* [What the task requires] After finding the line with "61. Remove the", restate it and each remaining line of the material word for word, omitting every picture.

* [Task input]
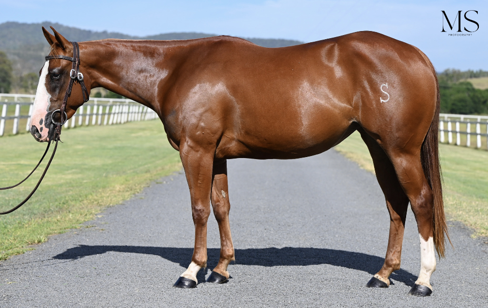 Striking filly with 12 months professional training. Face Time is extremely cowy with a huge stop and a beautiful travelling horse to ride. Great minded with a kind temperament. She will follow in her Sire’s footsteps in the competition arena.
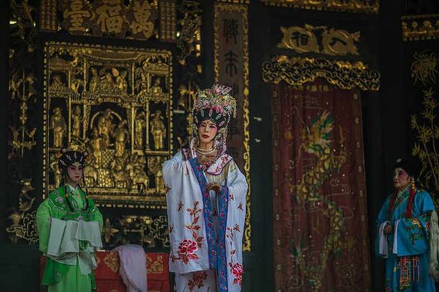 进入祖庙的大门没多久,我就被佛山的粤剧所吸引,闻声赶来,已经有不少游客早已坐在戏台下静静地观赏了。
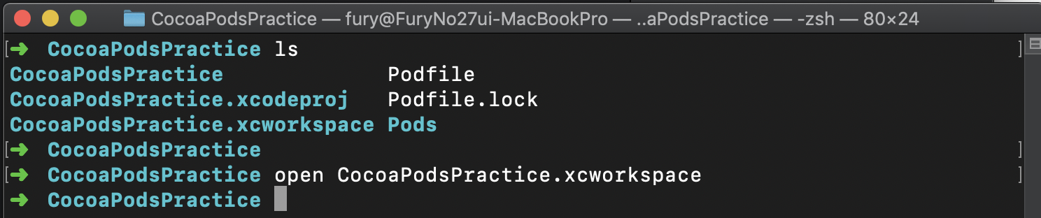 위의 명령어만 작성하셨다면 CocoaPods 설치는 끝입니다.
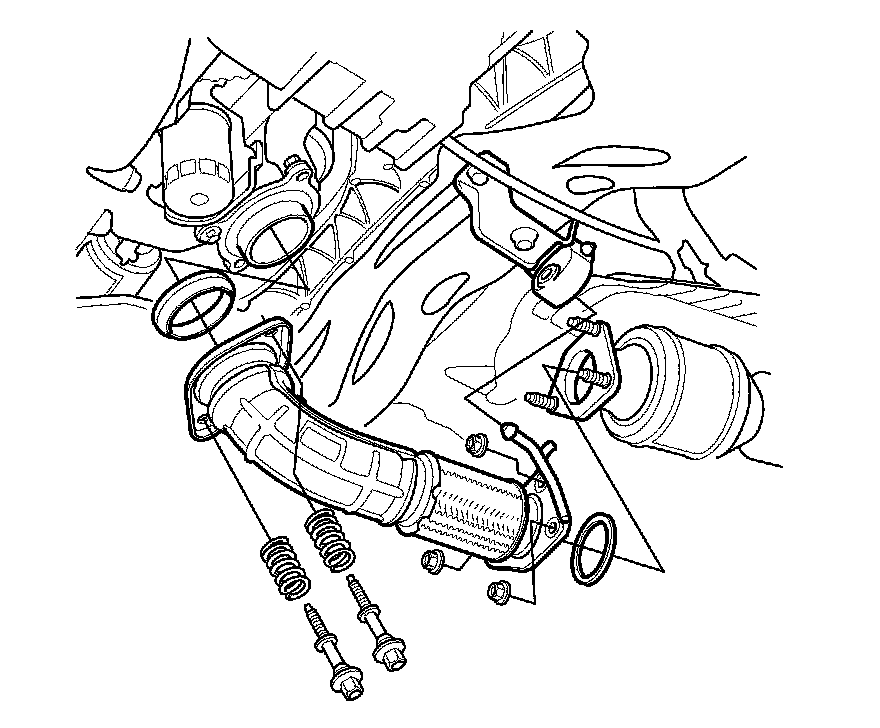 61. Remove the upper transmission mount bracket mounting bolts (A).
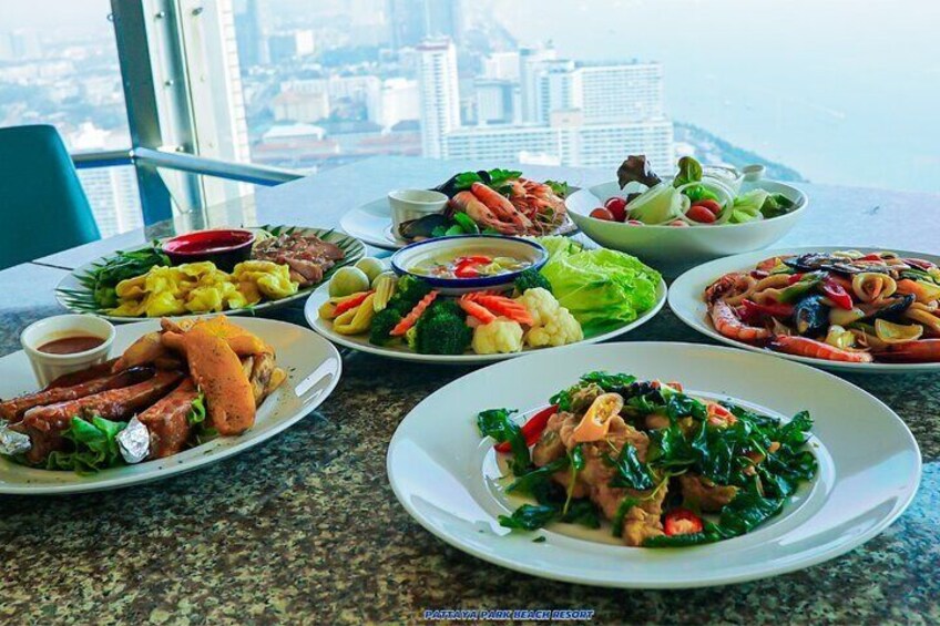 Dine with sunset-to-night views at the revolving restaurant (floors 52–54). Thai & global buffet—perfect after a park day.

* [Solution]
 61. Remove the upper transmission mount bracket mounting bolts (A).
 Dine with sunset-to-night views at the revolving restaurant (floors 52–54). Thai & global buffet—perfect after a park day.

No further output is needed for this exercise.